When there is no water, tardigrades simply dry up and start to hibernate until it gets hydrated again. What could we learn from these coping mechanisms and could we become more like them? It seems that since the beginning this has been the core question in our research. What would it mean to become a tardigrade, or to identify as one? Would this help us when the apocalypse nears? Would this help us now, when we are dried and curled up, alienated? Is tardigrada the same after hibernating for ten years? Are we the same after this?

Bio

Porin kulttuurisäätö (Anna Jensen, Eliisa Suvanto & Anni Venäläinen) is an artist-curator-collective established in Pori in 2013. The aim of the group is to organise exhibitions, events, projects and seminars that question and reconstruct the structures existing both in the art world and in our society.

The practice of Porin kulttuurisäätö is related on how to renew and develop practices (in more broader sense), take care of artists and relationships built with them, including questions of income, and to produce not only new art objects but also knowledge and ways of mediating it.
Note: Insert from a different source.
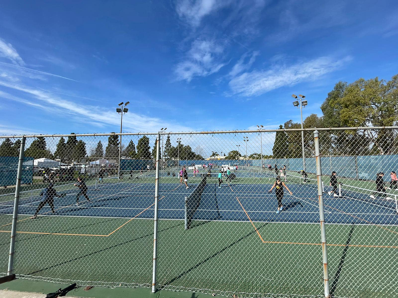 11 tennis courts and 4 pickleball courts in Fountain Valley Tennis & Pickleball Center. Reservation system. Best outdoor pickleball courts in FV & HB area, well organized, they charge $12/hr. Additional 8 court lines for pickleball on tennis courts. Can get busy from pickleball lesson groups. Some of the courts are just pickle ball courts but wish they would dedicate more courts to just pickle ball. The parking is easy. If you drive a Tesla, park at the West of the RR facility, there’s an EV charging station priced so cheap per Kwh.

Each project grows from a research question based on ecological and ethical goals, and aims to make societal power relations and structures more visible.

Collective’s first project Sponsor (2013) focused on funding bodies in the art world and creating new ways for increasing resources and alternative methods of funding. In the center of the exhibition was an act of starting a fictive foundation and passing received funding forward to the artists as 20€ grants and then exhibiting these works worth 20€ in a private apartment. The first Pori Biennale (2014) was a gesamtkunstwerk testing if it was possible to pass as a proper biennale and a mass event with very little resources (it was). In Pori World Expo (2015) a monumental framework was given to immaterial art: artworks that for multiple reasons were not able to be realized in material form were exhibited as telephone conversations between the artist and the spectator. Pori Biennale II – The Bloody Summer Exhibition (2015) questioned the Finnish tradition of summer exhibitions.
All members of the collective have graduated from Aalto University’s Pori department’s multidiscliplinary visual culture MA program and are working in the field of contemporary art in multiple positions.